**WHAT THE TASK ASKS:** From the first line of the records below through the line with "1年生は,マットあそびを体育", output each line exactly; skip the pictures.

**Dataset excerpts:**
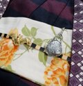 写真4 帯飾りとしての使い方は、プレート部分を帯内側(おなか部分)に挟み、プレートと反対の紐の先端にペンダントトップまたは木彫り・ガラスなどの根付を取り付けてたらして飾ります。
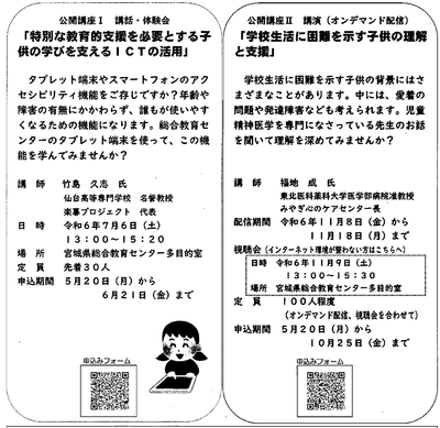 | ①特別支援教育効果講座 | ②りんくるみやぎ 電話相談・巡回相談会のお知らせ |
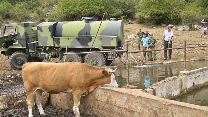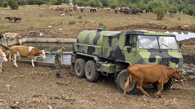 Na ovom zadatku angažovani su pripadnici Kopnene vojske sa dve cisterne, koji u više tura tokom dana dopremaju vodu za oko 1.000 ugroženih konja i krava.
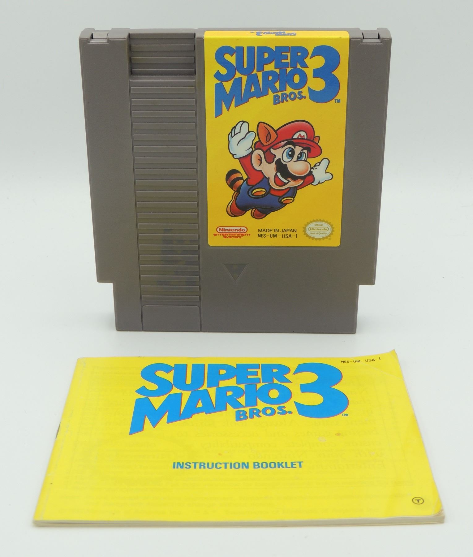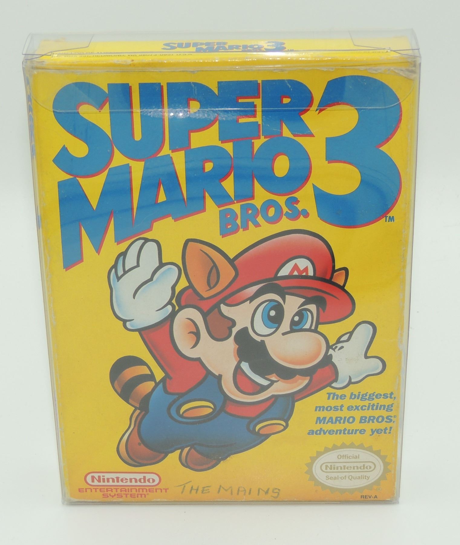 TESTED & WORKING! NINTENDO ENTERTAINMENT SYSTEM GAME NES SUPER MARIO BROS 3. INCLUDES INSTRUCTIONS INSERT BOX (MISSING 2 FLAPS) AND GAME, WITH PLASTIC BOX PROTECTOR
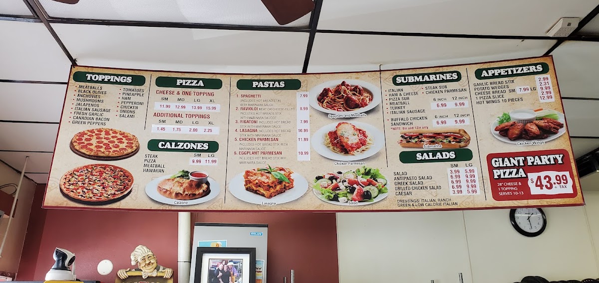 Valentino's Pizza offers an extensive menu that caters to a variety of tastes, perfect for both casual and family dining. For those looking for a deal, the restaurant features some irresistible specials, such as the Large Cheese + 1 Topping Pizza for $12.99 + tax (Monday through Wednesday, available for call-in and walk-ins only), and a 16” X-Large Pizza with 3 toppings or even 2 Large Pizzas with 3 toppings. Their menu includes a selection of appetizing appetizers, such as Small Cheese Bread, Large Garlic Bread Sticks, and Potato Wedges. The salad options cater to lighter cravings, including the Small House Salad, Small Caesar, and Small Greek. For more substantial fare, diners can enjoy 6” or 12” Submarines, such as the Pizza Sub and Meatball Sub. Their pasta offerings like Spaghetti, Lasagna, and Chicken Parmesan offer hearty, flavorful meals. For those craving a warm, savory bite, the calzones come in a variety of options, from the 6” BYO Calzone to the 6” Chicken Bacon Ranch. Specialty pizzas are a standout, with choices like Chicken Alfredo, BBQ Chicken, and Philly Cheesesteak available in sizes from Small to X-Large. If you're feeling adventurous, there's always the option to build your own pizza with the BYO Cheese Pizza. Finally, finish off your meal with a sweet treat, such as Large Sweet Cheese Bread or Cheesecake. Drinks, including Coca-Cola, Diet Coke, and Sprite, are also available to complement the meal. Whether you're stopping by for a slice or indulging in a full meal, Valentino’s menu has something for everyone.
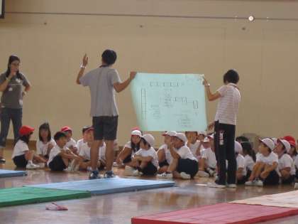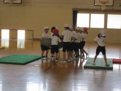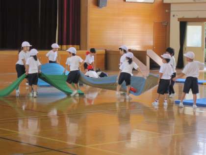 1年生は,マットあそびを体育でしています。「スーパーロングワールド」と名前を付けて,練習をしていました。
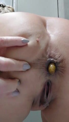 Skinny blonde teen shitting on the floor
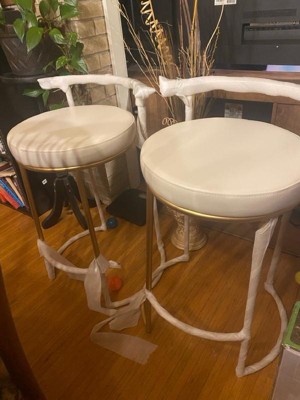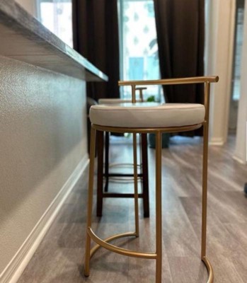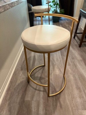 [This review was collected as part of a promotion.] These are gold stools with a white leather seat. They are so sleek and modern . They look so classy and are going to look great at my kitchen island when it’s finished . The seat is a very nice size and they were easy to install just had to screw in the seat
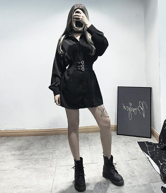 サブカル 服 地雷系 通販 ゴスロリ シャツワンピ ベルト付き ミニ丈 3連ベルト 闇かわいい ハードガール 黒コーデ ゴシック
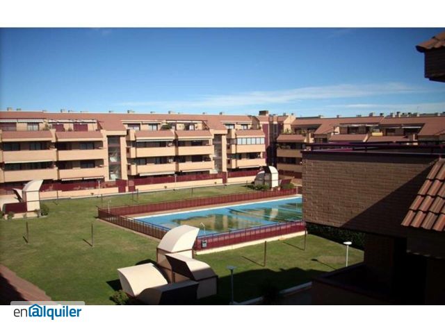 REAL-VIV ALQUILA en Las Rozas, Zona de la Dehesa, Ático con GRAN TERRAZA DE 18 M2, 2 dormitorios, 2 baños completos, cocina independiente con terraza/tendedero y salón-comedor con salida a la terraza. Incluye plaza de garaje y trastero. Gran urbanización cerrada con piscina y diversas instalaciones deportivas. Muy tranquilo y luminoso. No se admiten mascotas.
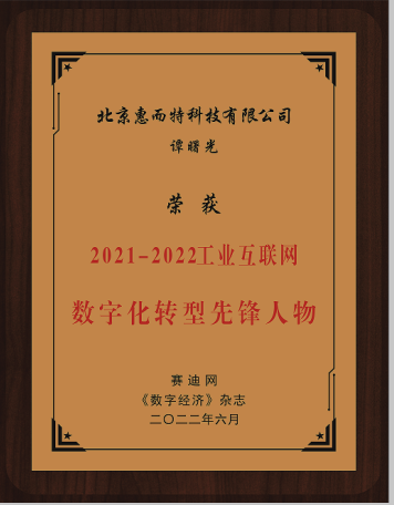 大会同步发布了《2022年中国工业互联网十大趋势》及2021-2022年度互联网产业生态创新优秀成果等奖项,北京惠而特科技有限公司创始人、董事长兼首席执行官谭曙光获评“2021-2022工业互联网数字化转型先锋人物”。
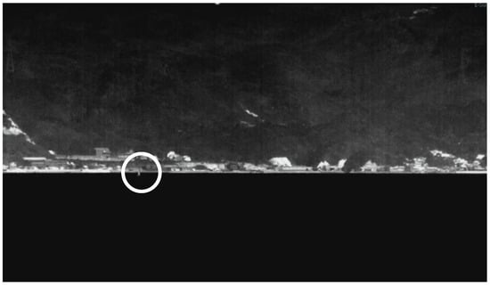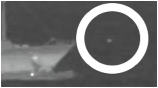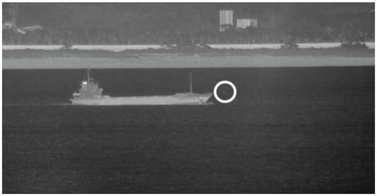 Figure 2 shows an image of a ship and a bird traveling 20 km ahead taken by an infrared camera with a focal length of 900 mm. Figure 3 shows an enlarged image of the bird in Figure 2.
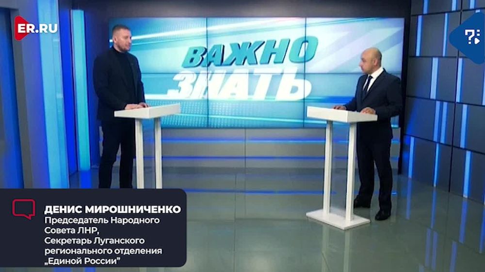 Секретарь Луганского регионального отделения «Единой России» Денис Мирошниченко в эфире программы «Важно знать» на...
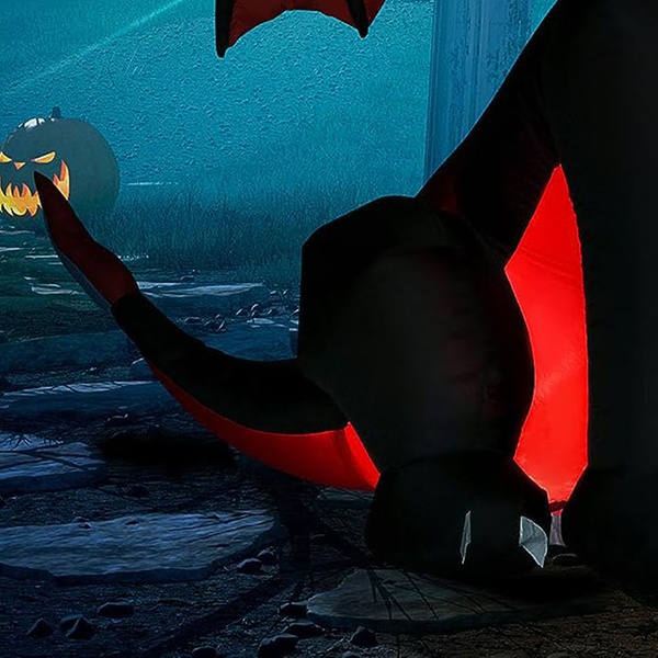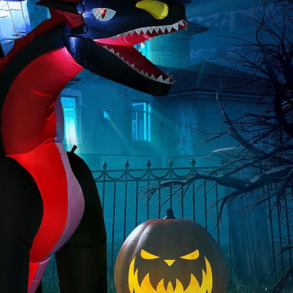 Illuminate gardens and patios with a 210cm inflatable dragon, featuring multiple LED lights for a eerie nighttime glow
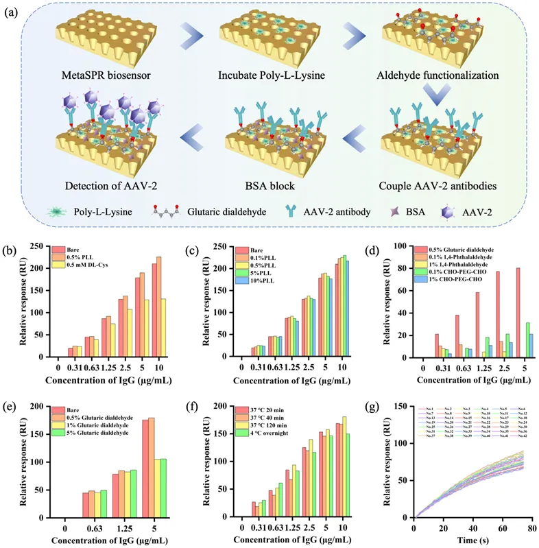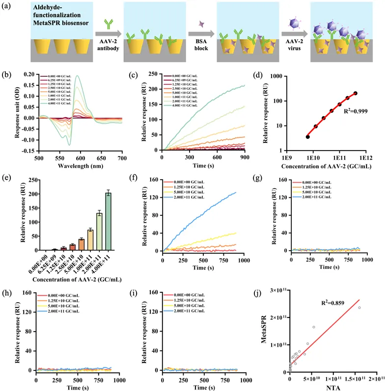 AAV作为基因治疗的核心载体,具有免疫原性低、表达稳定、安全性高等优势,在视网膜退行性疾病、帕金森病、肿瘤等多种疾病的治疗中展现出巨大潜力。然而,传统AAV质控方法存在检测耗时、操作复杂、无法实时监测等缺陷—ELISA需2 h且依赖酶标记,qPCR需复杂样品前处理,纳米颗粒追踪分析(NTA)灵敏度不足且重现性差,严重阻碍了AAV产业化进程。超表面等离子体共振(MetaSPR)技术凭借无标记、响应快速等优势,为解决这一难题提供了新路径。本研究通过醛基功能化修饰与双捕获策略优化,进一步提升了传感器的灵敏度、特异性与实用性,实现了AAV生产的全流程监测。
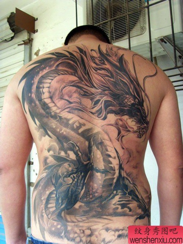龙纹身手稿_一组老传统黑灰龙手稿纹身图案
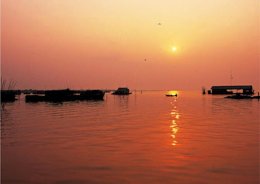 洞里萨湖被称为金边的“母亲河”。它的水天相接和日落的美景如同天堂般的美好,橙黄色夕阳被湖水所吞没的那一刻,实在令人难忘!
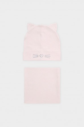 Комплект для девочки: шапка и снуд из хлопкового трикотажа с добавлением эластана, окрашенного стойкими гипоаллергенными текстильными красителями. Изделия хорошо тянутся, после многократных стирок сохраняют цвет и форму.
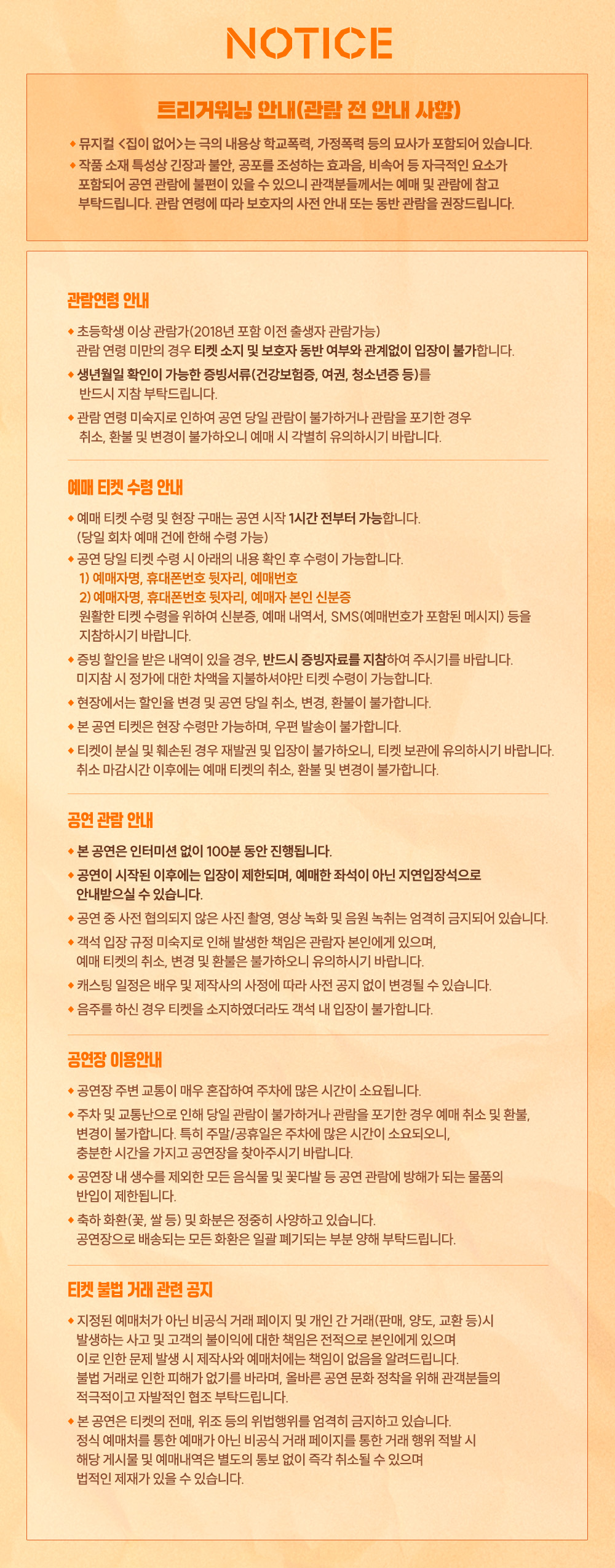 - 관람일 2일전 ~ 취소기한까지: 티켓금액의 30%

**RESULT FOR THIS TASK:**
 写真4 帯飾りとしての使い方は、プレート部分を帯内側(おなか部分)に挟み、プレートと反対の紐の先端にペンダントトップまたは木彫り・ガラスなどの根付を取り付けてたらして飾ります。
 | ①特別支援教育効果講座 | ②りんくるみやぎ 電話相談・巡回相談会のお知らせ |
 Na ovom zadatku angažovani su pripadnici Kopnene vojske sa dve cisterne, koji u više tura tokom dana dopremaju vodu za oko 1.000 ugroženih konja i krava.
 TESTED & WORKING! NINTENDO ENTERTAINMENT SYSTEM GAME NES SUPER MARIO BROS 3. INCLUDES INSTRUCTIONS INSERT BOX (MISSING 2 FLAPS) AND GAME, WITH PLASTIC BOX PROTECTOR
 Valentino's Pizza offers an extensive menu that caters to a variety of tastes, perfect for both casual and family dining. For those looking for a deal, the restaurant features some irresistible specials, such as the Large Cheese + 1 Topping Pizza for $12.99 + tax (Monday through Wednesday, available for call-in and walk-ins only), and a 16” X-Large Pizza with 3 toppings or even 2 Large Pizzas with 3 toppings. Their menu includes a selection of appetizing appetizers, such as Small Cheese Bread, Large Garlic Bread Sticks, and Potato Wedges. The salad options cater to lighter cravings, including the Small House Salad, Small Caesar, and Small Greek. For more substantial fare, diners can enjoy 6” or 12” Submarines, such as the Pizza Sub and Meatball Sub. Their pasta offerings like Spaghetti, Lasagna, and Chicken Parmesan offer hearty, flavorful meals. For those craving a warm, savory bite, the calzones come in a variety of options, from the 6” BYO Calzone to the 6” Chicken Bacon Ranch. Specialty pizzas are a standout, with choices like Chicken Alfredo, BBQ Chicken, and Philly Cheesesteak available in sizes from Small to X-Large. If you're feeling adventurous, there's always the option to build your own pizza with the BYO Cheese Pizza. Finally, finish off your meal with a sweet treat, such as Large Sweet Cheese Bread or Cheesecake. Drinks, including Coca-Cola, Diet Coke, and Sprite, are also available to complement the meal. Whether you're stopping by for a slice or indulging in a full meal, Valentino’s menu has something for everyone.
 1年生は,マットあそびを体育でしています。「スーパーロングワールド」と名前を付けて,練習をしていました。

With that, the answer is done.